DATA SHOWN:
__________________________________________________
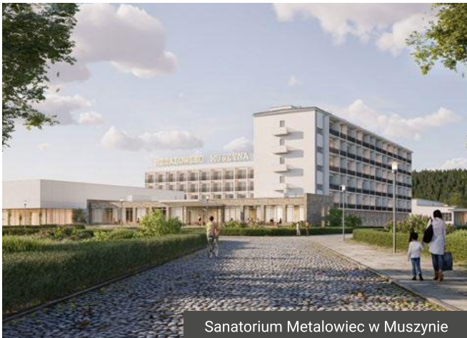
Sanatorium Metalowiec w Muszynie
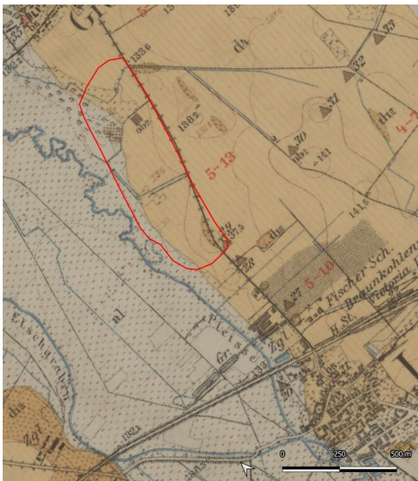
Brikettfabrik Dora & Helene I und II um 1903 (Kartengrundlage: Sächsische Landesbibliothek - Staats- und Universitätsbibliothek / Deutsche Fotothek: Geologische Karte von Sachsen (Königreich), Sektion 42: Borna und Lobstädt, 1903.)

Schlagwörter: Brikettfabrik Fachsicht(en): Denkmalpflege Gemeinde(n): Neukieritzsch Kreis(e): Leipzig Bundesland: Sachsen
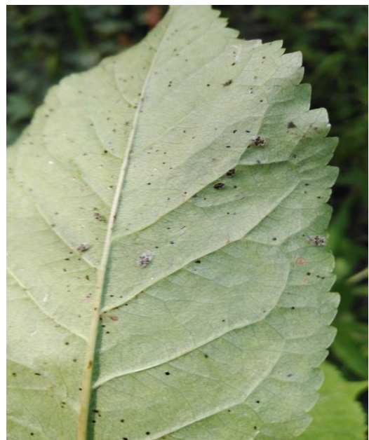
Slika 28. Imago, ličinke i ekskrementi na naličju lista divlje trešnje ( P. avium )
__________________________________________________
TASK ITEM: Lines containing "Brikettfabrik" in the listing: how many are there? Answer with the number only.

OUTPUT OF THE EXERCISE: 2